- Wash your hands often.
- Clean all “high-touch” surfaces, such as counters, doorknobs, bathroom fixtures, phones, keyboards, remote controls, and steering wheels with disinfectant sprays or wipes.
- Cover your nose and mouth with a tissue or your elbow crease when you cough or sneeze.
- Make a conscious effort not to touch your face, mouth, and eyes.
- Iron the pile of pants you’ve had draped over your desk chair since last Tuesday that were too clean for the hamper, but too dirty for the closet.
- If you have a fever or don’t feel well, limit activities outside your home except to get medical care.
- Don’t share personal items such as drinking glasses, eating utensils, and towels.
- Don’t leave a clump of hair in the shower drain.
- Stop using “literally” as word filler, particularly in figurative statements.
- Wash your hands often…with soap.
- Use hand sanitizer to clean your hands when soap and water aren’t available.
- As a courtesy to others, don’t leave the toilet seat up because baptizing a booty cheek in ice cold eau de toilette at 3AM during your nightly “one-eye-closed, other-eye-squinted-so-you-don’t-wake-all-the-way-up” bathroom ritual is as startling as it is unsanitary.
- Avoid shaking hands with someone who has visibly soiled hands or an active cough.
- Avoid holding hands with slow walkers on crowded sidewalks because some of us have PLACES TO BE.
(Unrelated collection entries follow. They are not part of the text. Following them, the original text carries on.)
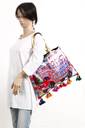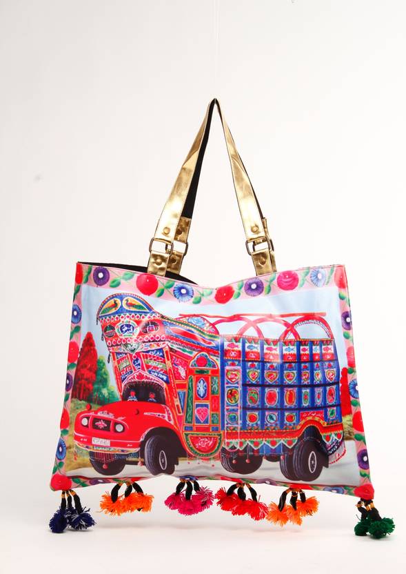 Printed flex tote with pu handle embelished with decorative tassles. It has got one mobile pocket and 1 coin pocket.
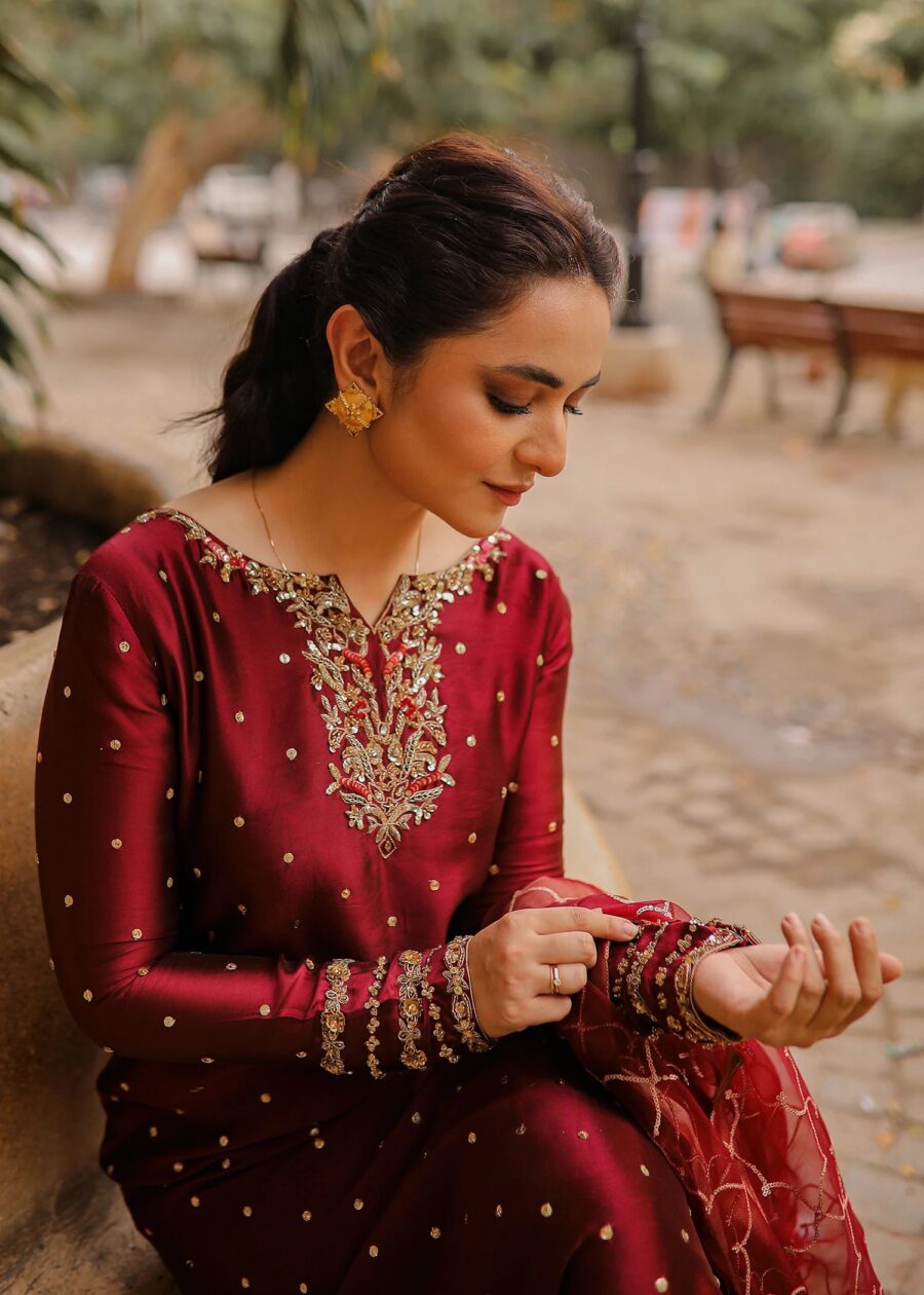 • Dupatta: Exquisite Embroidered Organza that adds a touch of airy volume and a regal finish.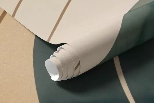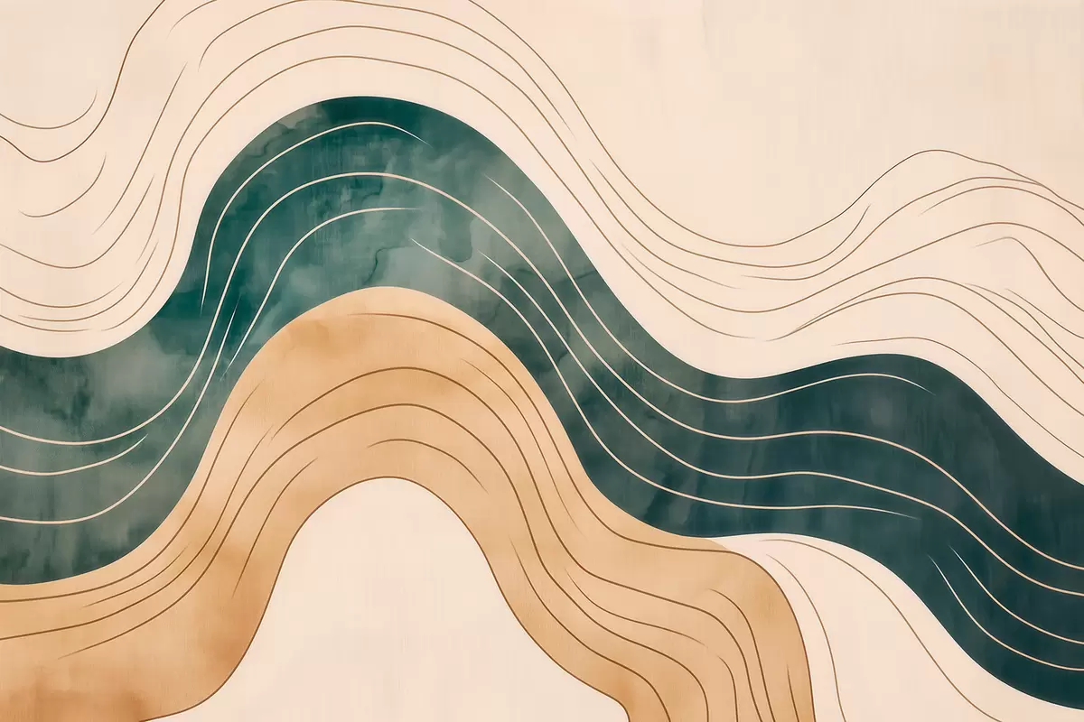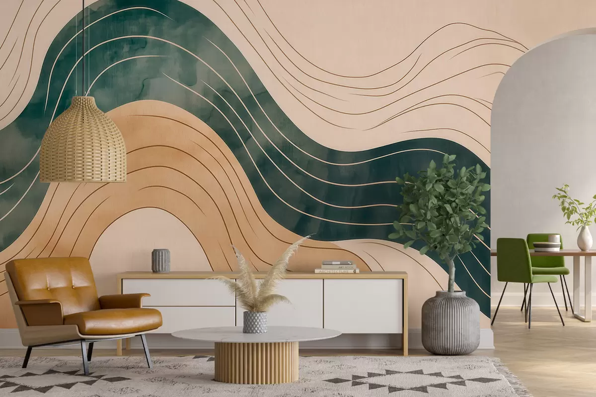 Abstract wavy lines in natural sand and emerald tones - Wall mural (No. w09732)

- Reconsider non-essential travel to areas where there’s a high incidence of illness and limited access to proper medical care.
- When you finish making a sandwich, put the twist tie back on the loaf of bread; don’t just twirl n’ tuck the open end of the plastic sleeve under the remaining slices before you stuff it back into the pantry.
- Call ahead before routine or sick visits with your healthcare provider to see if they recommend taking any precautions to prevent catching or spreading illness.
- Wash your hands often….and don’t neglect the backs of your hands, between your fingers, your fingernails, or your thumbs.
- Ask yourself when you last replaced your toothbrush. If you can’t remember, you should know I am judging you a little.
- Ask yourself when you last got an oil change. If you can’t remember, you should know you are in good company because, same.
- Consider walking in lieu of taking densely populated public transportation or using ride-sharing services for local trips to reduce your risk of exposure to respiratory droplets and other germs.
- When the draining board is full, put away the dry dishes rather than artfully stacking wet dishes on top of them like a high stakes Jenga game.
- Call your parents and tell them you were just kidding about the oil change thing.
- Wash your hands often…for the entire length of the “Happy Birthday” song. But sing it in your head, because awkwardly sitting through someone singing Happy Birthday to you is universally the worst.
- Thoroughly clean outdoor coats, hats, and gloves.
- Tell a friend to stop watching their ex’s Instagram stories.
- Walk your empty shopping cart back to the carriage return rather than rolling it across the Target parking lot like you’re bowling for pigeons.
- If you are at an increased risk for infection (i.e., immunosuppressed, elderly, pregnant, etc.), consider wearing a protective mask and gloves in public.
- If you have been advised to wear disposable face masks or gloves, safely dispose of them after a single use. Never reuse them.
- Always be kind to people who work in service industries.
And if all else fails, remember to wash your hands.